While fielding new platforms like the B-21 bomber is important, munitions are an area “we’ve got to pay attention to to ensure we bring those along,” Brown said.
The Mitchell Institute has published several studies of USAF munitions over the last few years and determined the service needs both longer-range weapons and far more of them if it is to have a chance of prevailing in a conflict in the Pacific, where there would be tens of thousands of potential targets.
In its fiscal 2024 budget, the Air Force is seeking an increase in multiyear procurement of the AIM-120 AMRAAM air-to-air missile, the AGM-158 JASSM stealth ground-attack cruise missile, and its marine warfare variant, the Long-Range Anti-Ship Missile. All three are in production and have successors in the works.
“I believe that is just a start,” Brown said. “We’ve got to look at multi-year procurements, so that it helps give a predictable demand signal to industry.”
Indeed, Air Force officials have said in budget discussions there aren’t enough missiles on hand for a no-notice air campaign, and Pentagon acquisition and sustainment chief William LaPlante has warned that industry has been reluctant to invest in weapons manufacturing facilities and capacity because of uneven funding.
Companies need a clear business case—backed up by action—to convince their stockholders to underwrite more capacity, LaPlante has said.

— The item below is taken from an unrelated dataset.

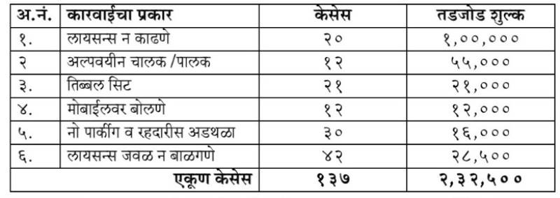 कोल्हापूर : कोल्हापूर शहरातील शाळा, महाविद्यालय परिसरात अल्पवयीन वाहनधारक, विना लायसन्स, तिब्बल सिट, मोबाईल टॉकींग या वाहतुक नियमांचे उल्लंघन करणारे १३७ वाहनचालकांवर कारवाई करण्यात आली. त्यांचेकडून २,३२,५००/- रुपये दंड करण्यात आला. ही कारवाईची मोहीम कोल्हापूर वाहतूक शाखेने केली.
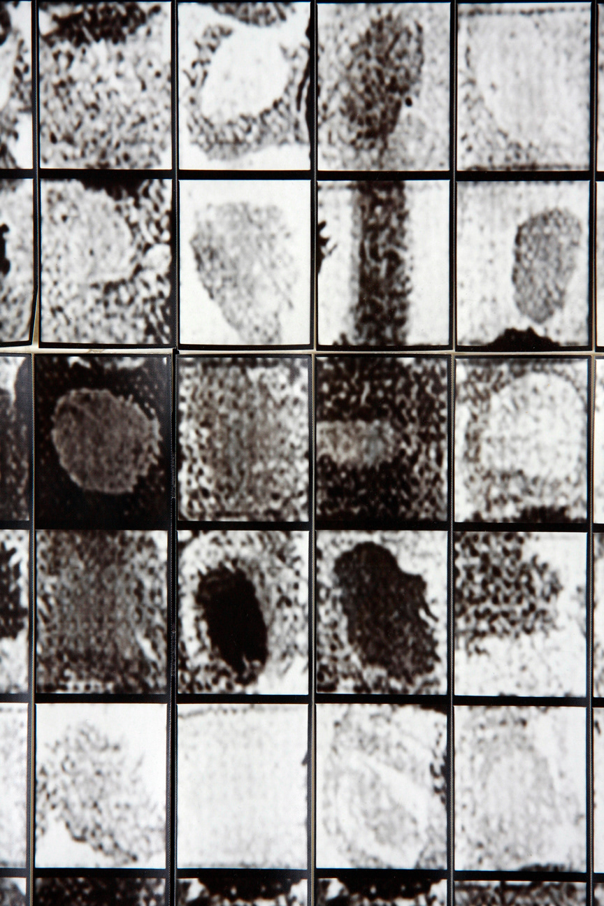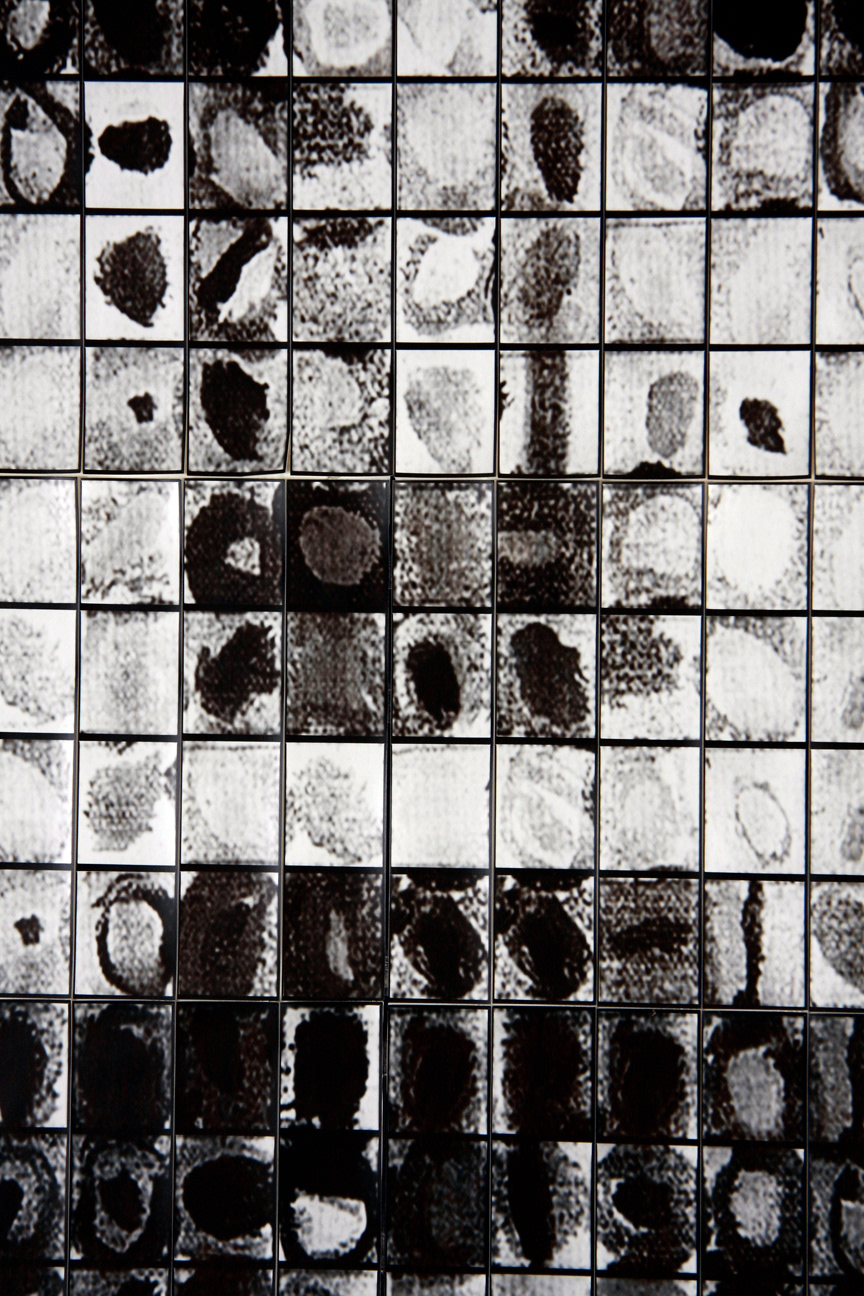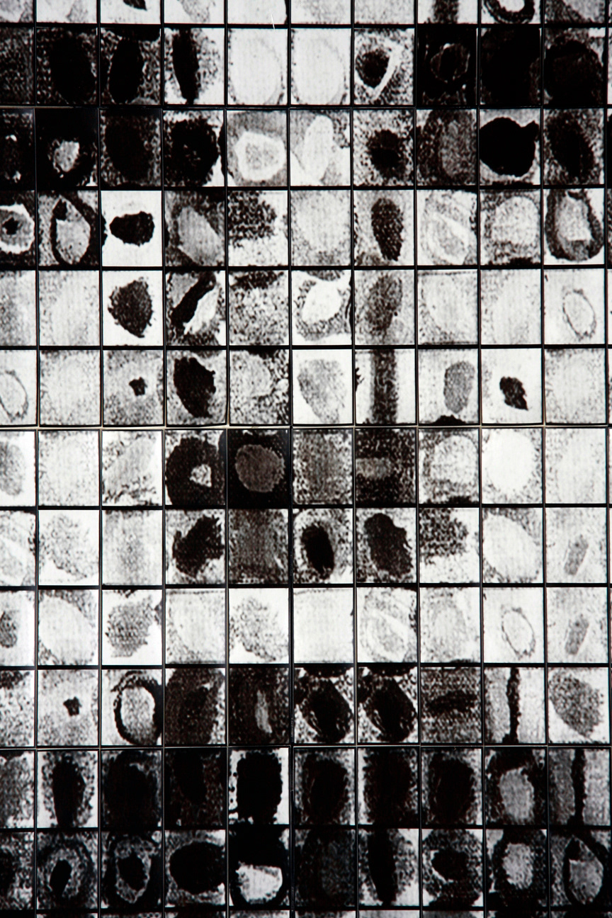 45" x 80" - Collage comprised of 400 uncut photostrips. A literal homage to Chuck Close - literal in that each frame is a photograph of a square from one of Chuck Close's paintings. The borrowed squares were rotated and rearranged to approximate a portrait of my wife, Heather, then photographed one by one in a vintage photobooth.

“It’s not just the primes,” Brown said. “It’s all the [subcontractors] below them.” Without predictability, those companies can’t invest in capacity and workforce—sending a clear signal that weapons will be bought at a steady rate “helps us to be able to surge if we need to,” Brown added.
Likewise, Brown said partners and allies who have U.S.-type aircraft also have to have the munitions that go with them.
“We have to ensure that we have enough munitions on the shelf to support us and our allies and partners, and so that’s something that I think we need to continue to focus on and make sure we have a complete package of capability for our weapon systems,” he said.
New weapons like the B-21 won’t have the desired effect if they aren’t matched with munitions that take best advantage of their capabilities, Brown said.
“That’s an area that I do focus on, to ensure that we’re able to have the complete package,” he said. “And then on top of that, is how we use those bombers.” The Air Force needs to show it can put aircraft and munitions anywhere it needs but must also monitor adversaries like China to see if the message being sent is the one being received, Brown noted.
Similar to the munitions issue, Brown said industry also needs to see stability in spare parts funding so they can feel confident investing in new technologies and parts-making capacity.
Digital engineering, which is now becoming standard for all USAF programs, will help make parts easier and cheaper to make through 3-D printing, Brown said. The key is assessing the quality of printed parts and the confidence in that process to make flight-critical parts, he said.
At the same time, the Air Force aims to reduce the cost of weapon system sustainment through greater use of predictive maintenance, he said, wherein accumulated data on how a part performs in a fleet can save money and aircraft downtime by accurately predicting when it will need replacing.
“I think we have opportunity here,” Brown said. “Our Rapid Sustainment Office is taking a look at this as well, but to use the data to be a little more predictive in not only how we change the parts, but also work the supply chain.”